● **EXERCISE INSTRUCTIONS**
Below are the lines to check; count those holding the string "vasijas" and give only the number.

● **RECORDS FOR THE EXERCISE**
____

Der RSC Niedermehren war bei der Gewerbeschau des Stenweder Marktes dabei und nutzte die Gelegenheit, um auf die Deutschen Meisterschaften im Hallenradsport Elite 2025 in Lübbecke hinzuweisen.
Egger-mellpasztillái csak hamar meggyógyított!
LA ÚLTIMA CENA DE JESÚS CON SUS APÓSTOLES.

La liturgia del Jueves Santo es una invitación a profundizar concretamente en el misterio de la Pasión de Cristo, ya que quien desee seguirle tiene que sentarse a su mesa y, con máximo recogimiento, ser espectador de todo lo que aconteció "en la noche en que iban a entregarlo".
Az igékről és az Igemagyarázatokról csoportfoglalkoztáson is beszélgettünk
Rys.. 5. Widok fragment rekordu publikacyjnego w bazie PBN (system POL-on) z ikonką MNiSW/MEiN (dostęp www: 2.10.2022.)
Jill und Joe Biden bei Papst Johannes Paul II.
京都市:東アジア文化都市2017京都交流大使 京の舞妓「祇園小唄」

____

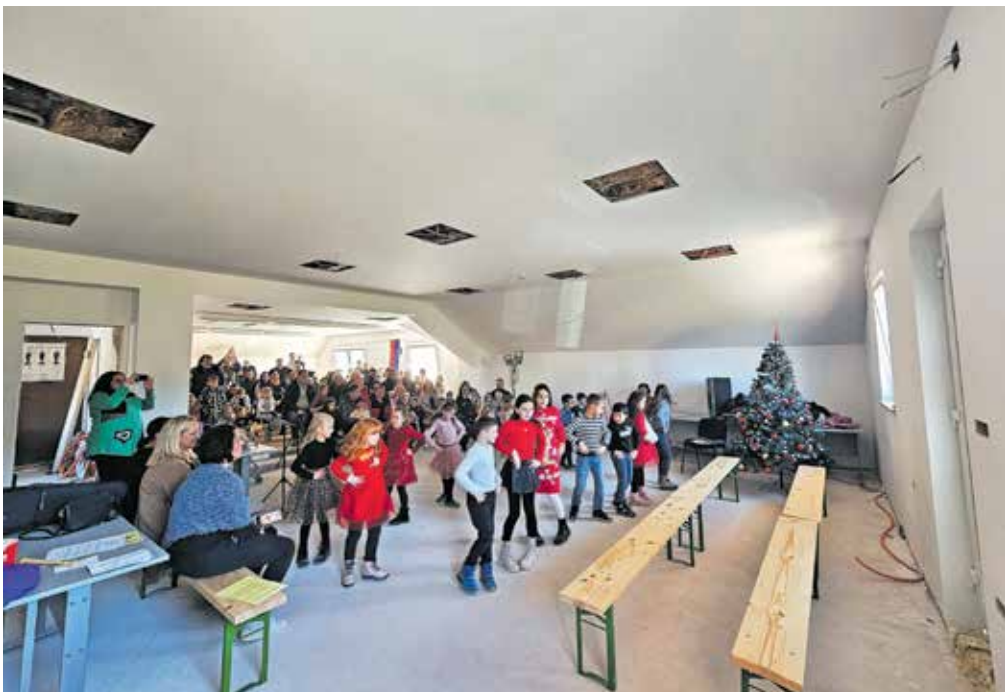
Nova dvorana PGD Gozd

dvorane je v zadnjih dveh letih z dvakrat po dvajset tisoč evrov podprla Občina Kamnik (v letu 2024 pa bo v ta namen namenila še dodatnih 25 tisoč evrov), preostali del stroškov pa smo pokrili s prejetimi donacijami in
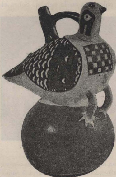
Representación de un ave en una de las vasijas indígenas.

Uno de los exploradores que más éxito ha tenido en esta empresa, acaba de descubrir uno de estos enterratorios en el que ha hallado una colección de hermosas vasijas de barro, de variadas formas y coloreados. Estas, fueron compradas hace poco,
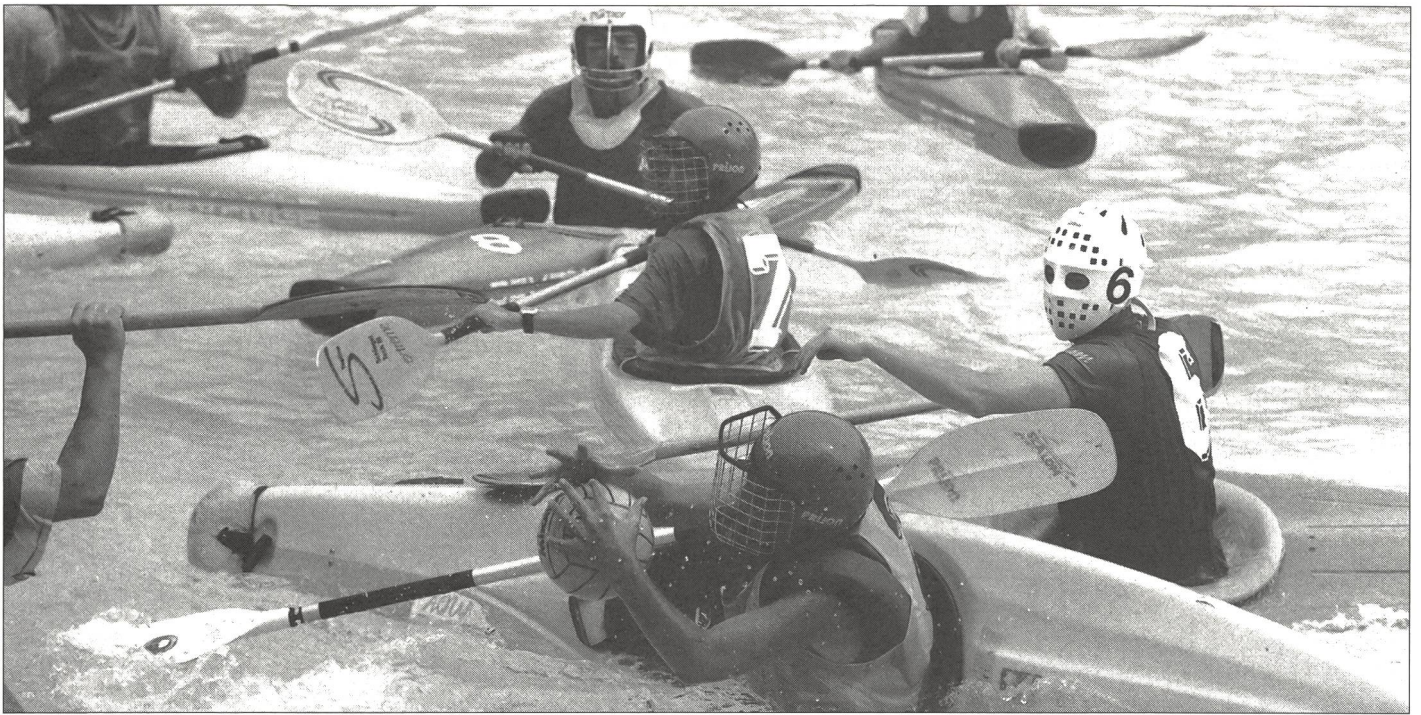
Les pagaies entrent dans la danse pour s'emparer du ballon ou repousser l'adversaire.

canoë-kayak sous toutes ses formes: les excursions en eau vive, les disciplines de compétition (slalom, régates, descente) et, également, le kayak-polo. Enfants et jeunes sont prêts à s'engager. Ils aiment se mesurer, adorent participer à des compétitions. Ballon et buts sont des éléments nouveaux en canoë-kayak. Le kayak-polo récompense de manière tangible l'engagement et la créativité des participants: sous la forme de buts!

____

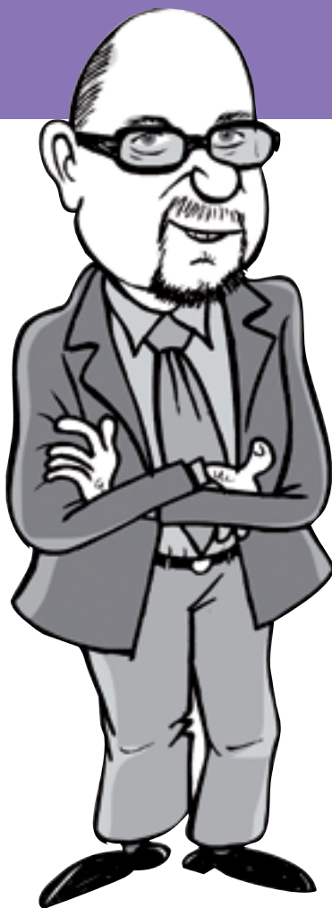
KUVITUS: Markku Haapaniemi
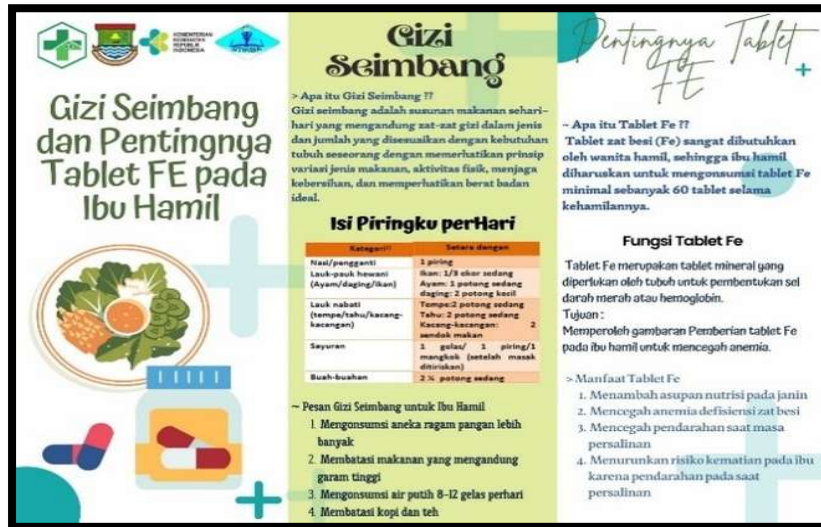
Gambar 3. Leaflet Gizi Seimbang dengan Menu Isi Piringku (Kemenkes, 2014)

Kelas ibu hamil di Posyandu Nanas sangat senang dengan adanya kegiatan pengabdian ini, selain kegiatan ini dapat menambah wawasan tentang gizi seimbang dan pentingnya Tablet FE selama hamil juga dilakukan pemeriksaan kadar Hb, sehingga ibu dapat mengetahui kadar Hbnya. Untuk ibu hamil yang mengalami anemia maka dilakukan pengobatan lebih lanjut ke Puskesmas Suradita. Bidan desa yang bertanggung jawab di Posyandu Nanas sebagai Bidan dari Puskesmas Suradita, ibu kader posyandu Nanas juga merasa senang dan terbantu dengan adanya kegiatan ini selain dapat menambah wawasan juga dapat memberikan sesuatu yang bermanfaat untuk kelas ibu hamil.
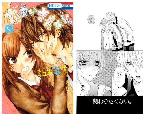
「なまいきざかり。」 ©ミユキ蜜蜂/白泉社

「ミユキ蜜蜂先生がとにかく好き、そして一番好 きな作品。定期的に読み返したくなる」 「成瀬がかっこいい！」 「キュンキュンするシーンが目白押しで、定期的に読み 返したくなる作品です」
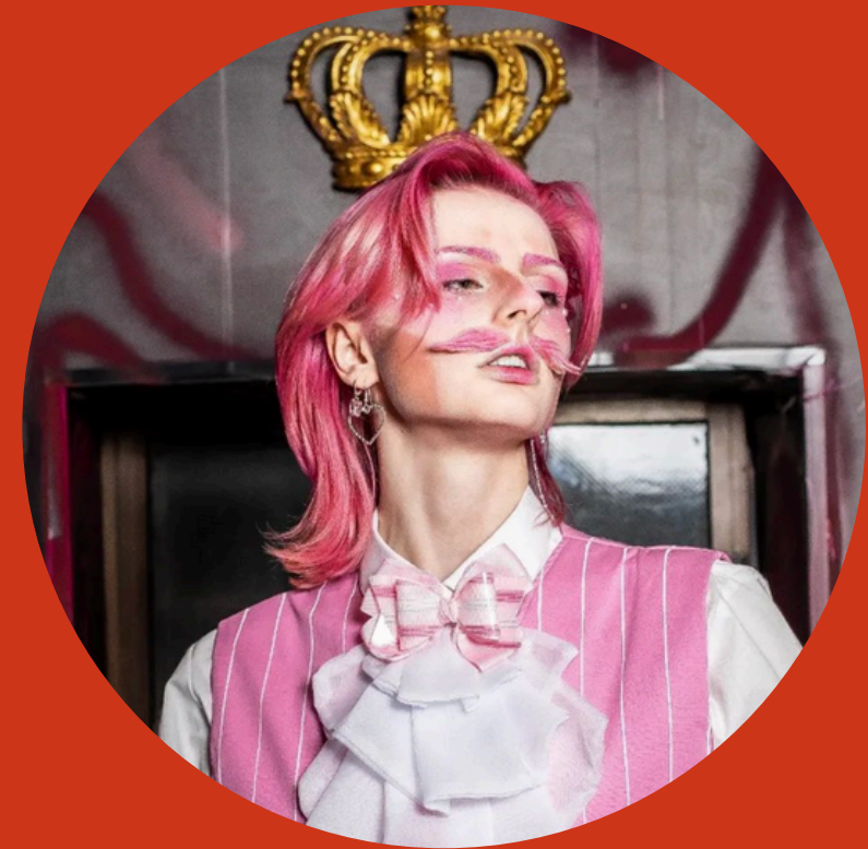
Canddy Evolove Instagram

____

● **WRITTEN SOLUTION**
2